When a task fails, the Reflector classifies the problem:

  • Execution (code wrong) → RETRY with fix
  • Approach (design wrong) → RETRY with new strategy
  • Scope/Environment (external issue) → ESCALATE to human

The word "success" is doing important work here. Escalation isn't failure. It's the system working correctly. An agent that says "this is beyond my scope, here's what I tried" is more valuable than one that silently produces broken code.

I believe this is one of the most important principles for building reliable agents.
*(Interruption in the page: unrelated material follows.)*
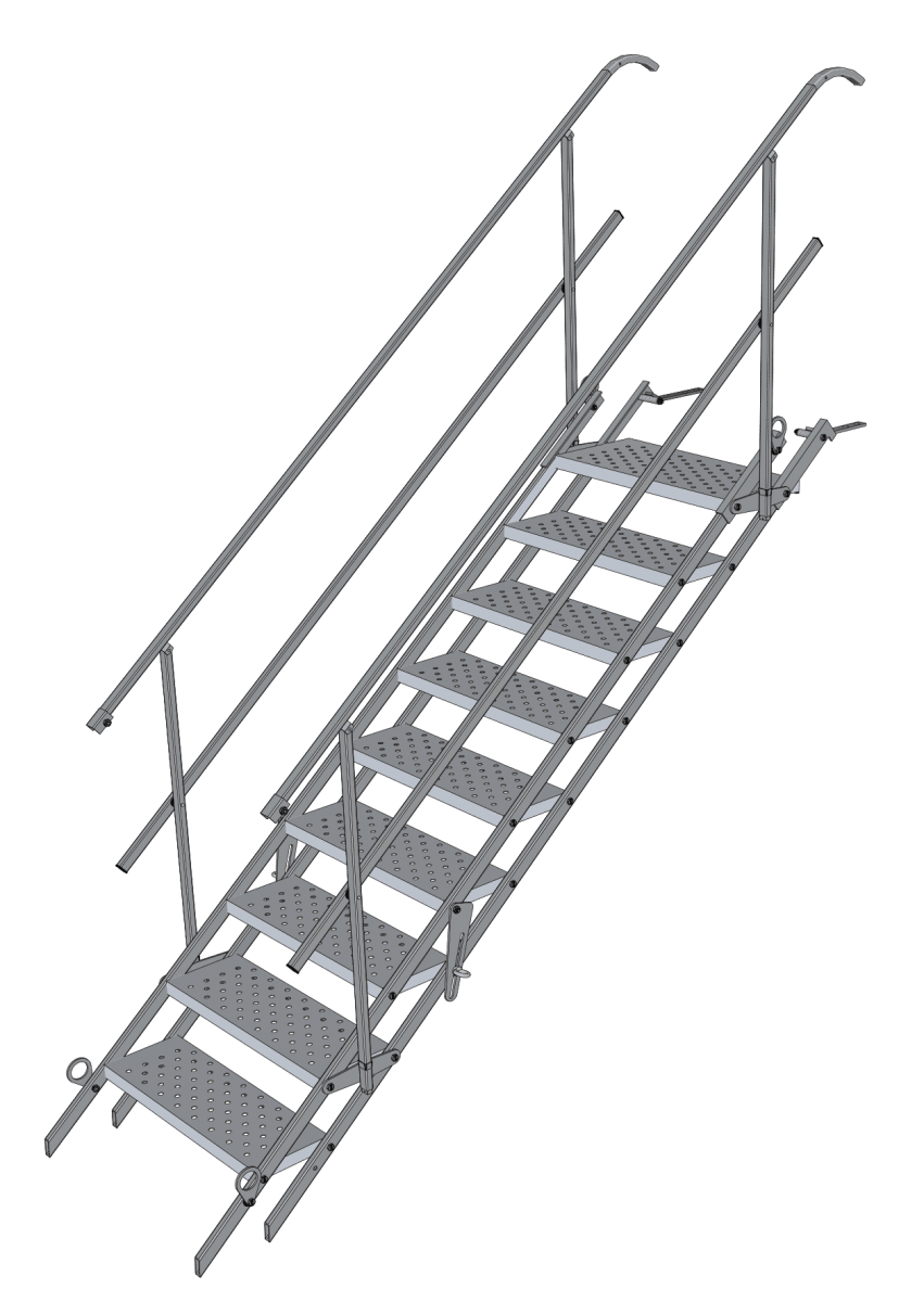 Leveres med dobbelt trapperækværk, som automatisk justerer hældningen

The confidence to escalate is a feature.

When to use

Use ftl when:

  • Work should persist as precedent and compound over time
  • You want bounded, reviewable scope
  • Knowledge should build and evolve over sessions
  • Complex objectives need coordination

Skip ftl when:

  • Exploratory prototyping where you want the models to wander
  • Quick one-offs with no future value
  • Simple queries you'd ask Claude directly

Knowing when to reach for these tools - and when not to - is itself a skill.

Installation

# Add the crinzo-plugins marketplace
claude plugin marketplace add https://github.com/enzokro/crinzo-plugins

# Install ftl
claude plugin install ftl@crinzo-plugins

Or from inside of Claude Code:

/plugin marketplace add https://github.com/enzokro/crinzo-plugins
/plugin install ftl@crinzo-plugins

Conclusion

Opus 4.5 proved that agents can be true collaborators. What was missing was the architecture to let that collaboration compound.
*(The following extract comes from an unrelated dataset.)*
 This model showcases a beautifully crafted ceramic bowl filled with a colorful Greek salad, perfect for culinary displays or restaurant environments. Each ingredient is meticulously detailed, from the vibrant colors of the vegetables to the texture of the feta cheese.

ftl is one attempt at that architecture. Tasks that stay bounded. Memory that learns. Campaigns that persist across sessions.

The core insight is simple: context loss is an architecture problem, not a capability problem. If we structure knowledge to persist, it will persist. If we track what works, the system learns. If we create explicit boundaries, scope stays contained.

The models are ready. We just needed to build the scaffolding.